[Opening Information provided section]
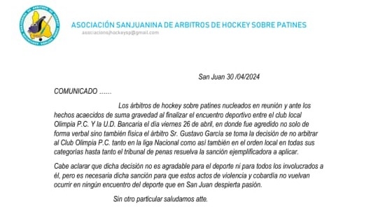 La Asociación Sanjuanina de Árbitros de Hockey Sobre Patines lanzó un comunicado después de que el árbitro Gustavo García sufriera un violento ataque al término del partido entre Olimpia y Bancaria en el torneo de la SuperLiga.
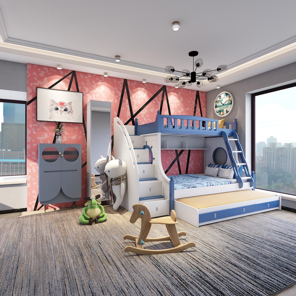 小户型儿童房双层床高低床 玩出生活多种可能,打破小户型的极限,演绎多种玩法 颠覆对小户型的认知,休息玩乐亲子均不误 从小培养宝贝们亲情,缤纷色彩更温馨
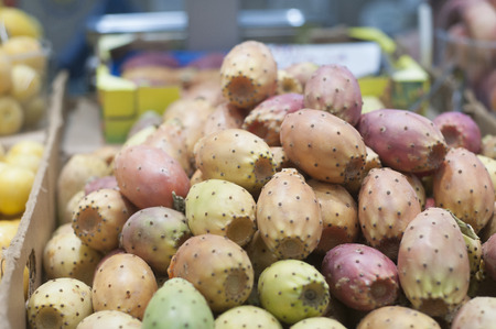 Prickly pears of the variety called bastardoni on the table of a street seller in Catania, Italy.
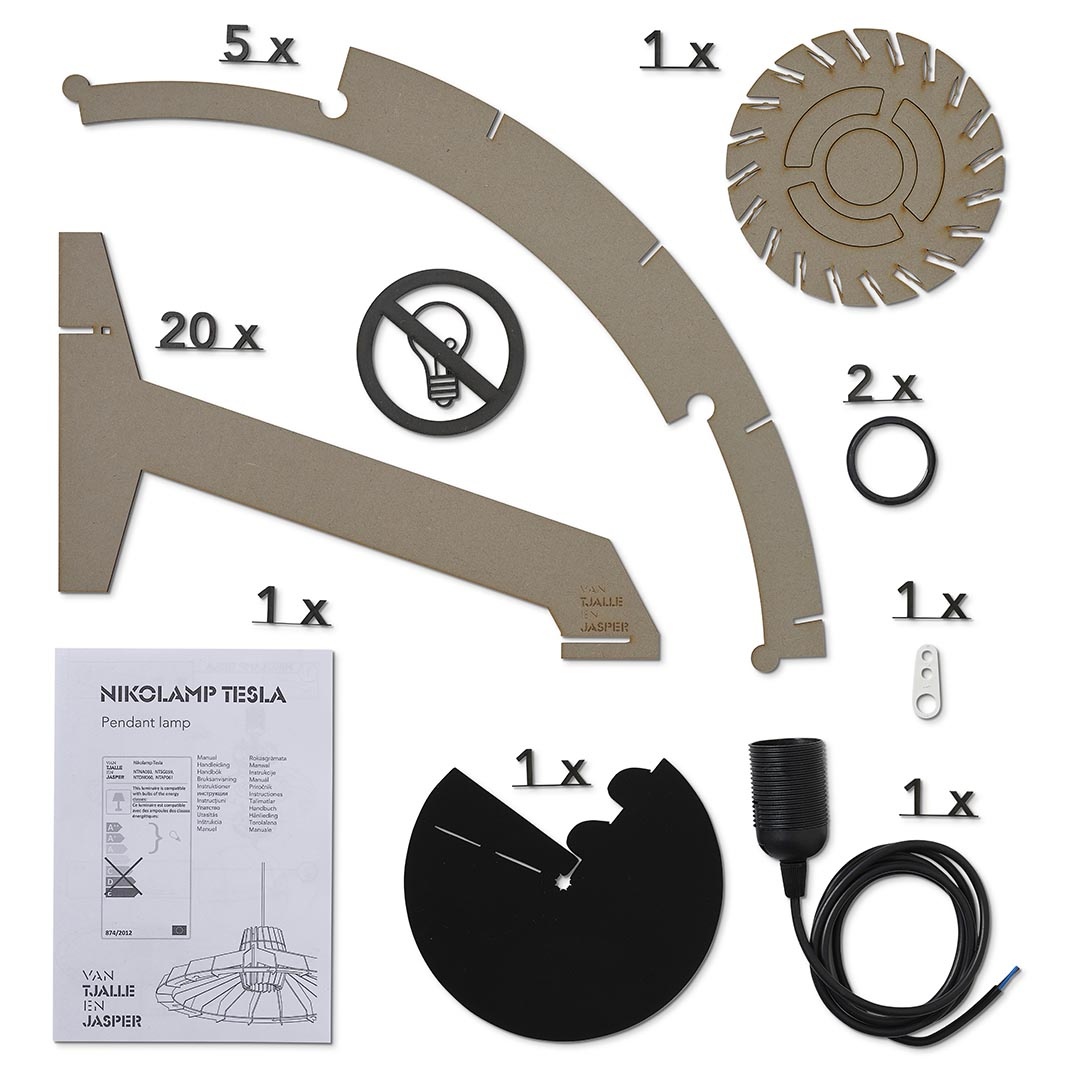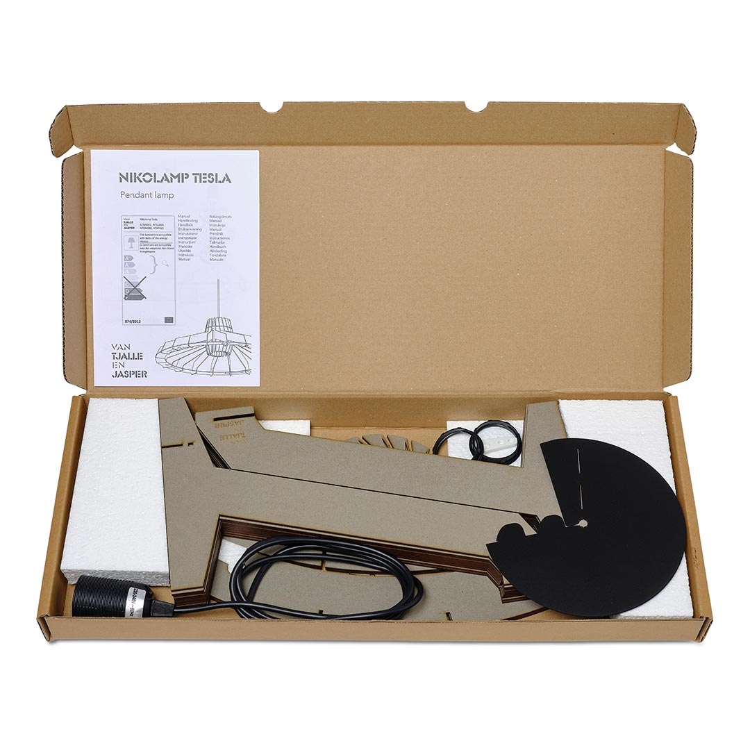 Nikolamp Tesla wordt geleverd als bouwpakket en zet je zelf in elkaar. Maar geen zorgen: alles wat je nodig hebt zit in de doos, inclusief een heldere handleiding. Daarmee kost het in elkaar zetten van deze lamp je hooguit een paar minuutjes!
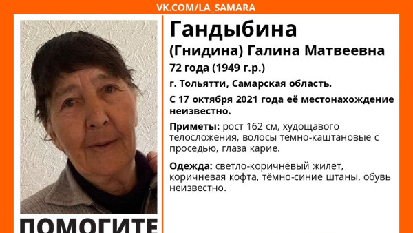 Галина Гандыбина (Гнидина) пропала в Тольятти в воскресенье, 17 октября. Из дома женщина ушла в 13:10, с тех пор о ней ничего не известно.
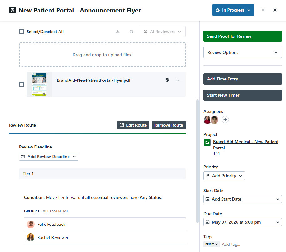 Open your Proof and set it up as you normally would, including adding your asset(s) and applying a Review Route.
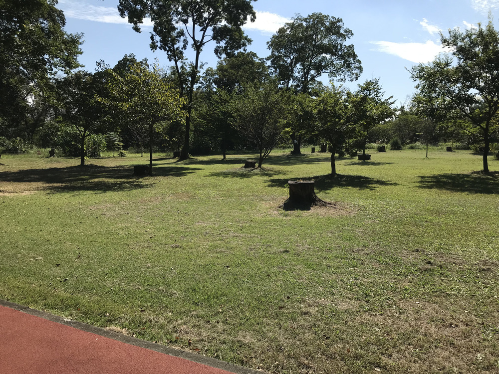 たっぷりの木陰: 広場の周りは緑がいっぱい。日差しが強い日でも、涼しい木陰でひと休みしながら遊ばせられるのが助かります。
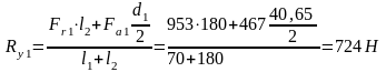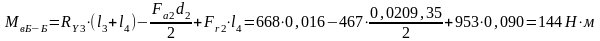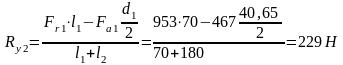 - радиальная сила ведомого вала быстроходной ступени.
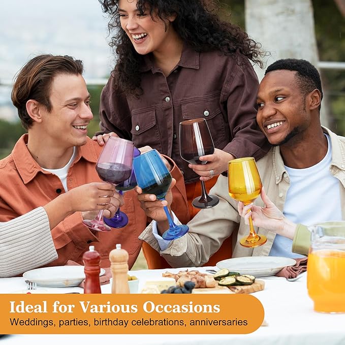 - 【Stable Base to Prevent Spills and Tipping】The stable base of Glazvia colored wine glassware ensures they won’t tip over easily.This thoughtful design of the multicolor wine glasses provides stability, reducing the risk of spills and making these wine glasses a practical choice for parties, gatherings, or formal events. Whether you're hosting a dinner party or just relaxing at home, this colored wine glass set give you peace of mind while enhancing your wine experience.
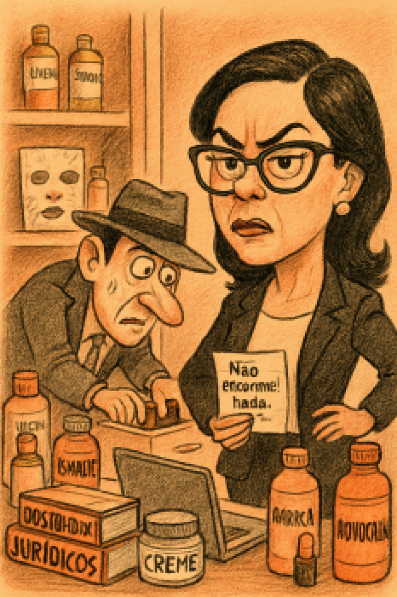 O apartamento da doutora advogada era um verdadeiro spa. Havia máscaras faciais empilhadas junto com os livros jurídicos de Carlos Alberto Bittar, João da Gama Cerqueira, e entre outros que escrevia sobre concorrência desleal, além de caixas de esmalte com literatura de Dostoiévski e shampoos — muitos shampoos — espalhados por todos os cômodos da casa. O doutor advogado passou a noite inteira vasculhando cada canto, tentando não levantar suspeitas. Abriu gavetas, mexeu em porta-retratos, fingiu procurar cremes; na verdade, buscava algum documento que comprovasse a composição fiel daqueles novos produtos. O problema é que a advogada, um tanto desconfiada, escondia documentos com a mesma habilidade com que escondia rugas — ninguém jamais encontrava.
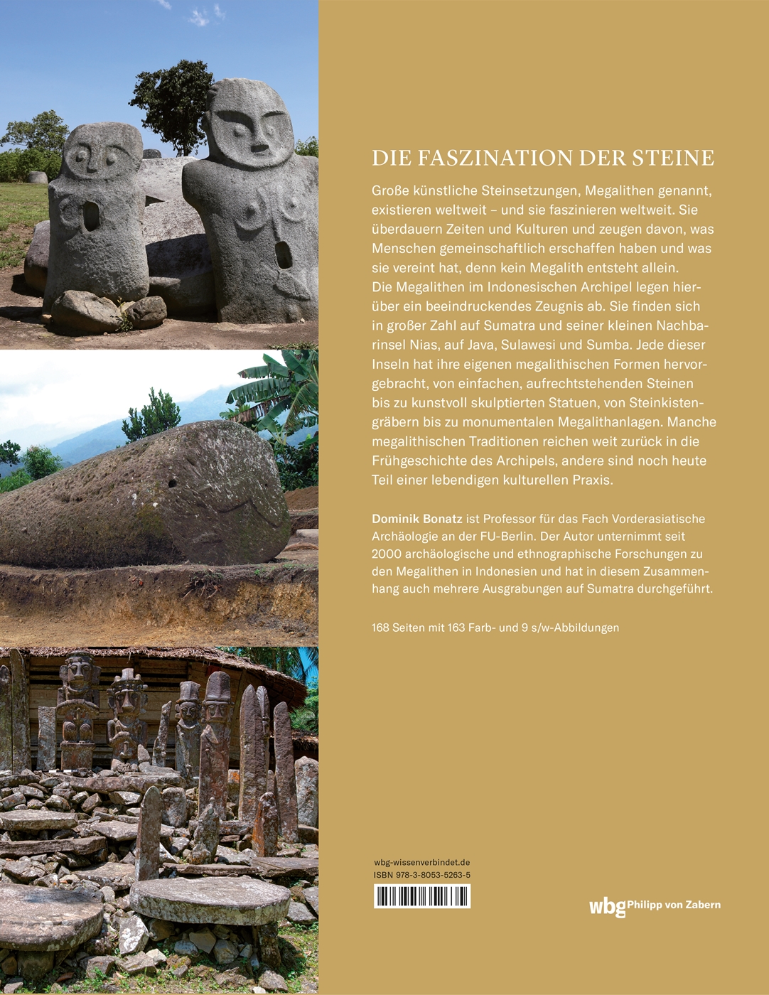 Sumatra, Nias, Sulawesi, Java und Sumba: Dominik Bonatz stellt die Megalithanlagen aus zwölf Regionen, verteilt auf diese fünf Inseln, in Text und Bild vor. Die individuelle Gestaltung der Steinmonumente gibt Einblick in die vergessenen Kulturen, die sie erschufen. Ihre Bedeutung und Verwendung reicht von Totenkult bis zu Kaffeemörser. Gerade dieser Formen- und Ideenreichtum bildet das verbindende Merkmal: Kein Megalith entsteht alleine. Allen Monumenten gemeinsam ist die Bereitschaft einer Gemeinschaft, die erforderliche Zeit und Energie zu investieren, um sie zu errichten.
[Closing Information provided section]
About this task: Here the job is to print all the data exactly, skipping any image.

Task solution:
 La Asociación Sanjuanina de Árbitros de Hockey Sobre Patines lanzó un comunicado después de que el árbitro Gustavo García sufriera un violento ataque al término del partido entre Olimpia y Bancaria en el torneo de la SuperLiga.
 小户型儿童房双层床高低床 玩出生活多种可能,打破小户型的极限,演绎多种玩法 颠覆对小户型的认知,休息玩乐亲子均不误 从小培养宝贝们亲情,缤纷色彩更温馨
 Prickly pears of the variety called bastardoni on the table of a street seller in Catania, Italy.
 Nikolamp Tesla wordt geleverd als bouwpakket en zet je zelf in elkaar. Maar geen zorgen: alles wat je nodig hebt zit in de doos, inclusief een heldere handleiding. Daarmee kost het in elkaar zetten van deze lamp je hooguit een paar minuutjes!
 Галина Гандыбина (Гнидина) пропала в Тольятти в воскресенье, 17 октября. Из дома женщина ушла в 13:10, с тех пор о ней ничего не известно.
 Open your Proof and set it up as you normally would, including adding your asset(s) and applying a Review Route.
 たっぷりの木陰: 広場の周りは緑がいっぱい。日差しが強い日でも、涼しい木陰でひと休みしながら遊ばせられるのが助かります。
 - радиальная сила ведомого вала быстроходной ступени.
 - 【Stable Base to Prevent Spills and Tipping】The stable base of Glazvia colored wine glassware ensures they won’t tip over easily.This thoughtful design of the multicolor wine glasses provides stability, reducing the risk of spills and making these wine glasses a practical choice for parties, gatherings, or formal events. Whether you're hosting a dinner party or just relaxing at home, this colored wine glass set give you peace of mind while enhancing your wine experience.
 O apartamento da doutora advogada era um verdadeiro spa. Havia máscaras faciais empilhadas junto com os livros jurídicos de Carlos Alberto Bittar, João da Gama Cerqueira, e entre outros que escrevia sobre concorrência desleal, além de caixas de esmalte com literatura de Dostoiévski e shampoos — muitos shampoos — espalhados por todos os cômodos da casa. O doutor advogado passou a noite inteira vasculhando cada canto, tentando não levantar suspeitas. Abriu gavetas, mexeu em porta-retratos, fingiu procurar cremes; na verdade, buscava algum documento que comprovasse a composição fiel daqueles novos produtos. O problema é que a advogada, um tanto desconfiada, escondia documentos com a mesma habilidade com que escondia rugas — ninguém jamais encontrava.
 Sumatra, Nias, Sulawesi, Java und Sumba: Dominik Bonatz stellt die Megalithanlagen aus zwölf Regionen, verteilt auf diese fünf Inseln, in Text und Bild vor. Die individuelle Gestaltung der Steinmonumente gibt Einblick in die vergessenen Kulturen, die sie erschufen. Ihre Bedeutung und Verwendung reicht von Totenkult bis zu Kaffeemörser. Gerade dieser Formen- und Ideenreichtum bildet das verbindende Merkmal: Kein Megalith entsteht alleine. Allen Monumenten gemeinsam ist die Bereitschaft einer Gemeinschaft, die erforderliche Zeit und Energie zu investieren, um sie zu errichten.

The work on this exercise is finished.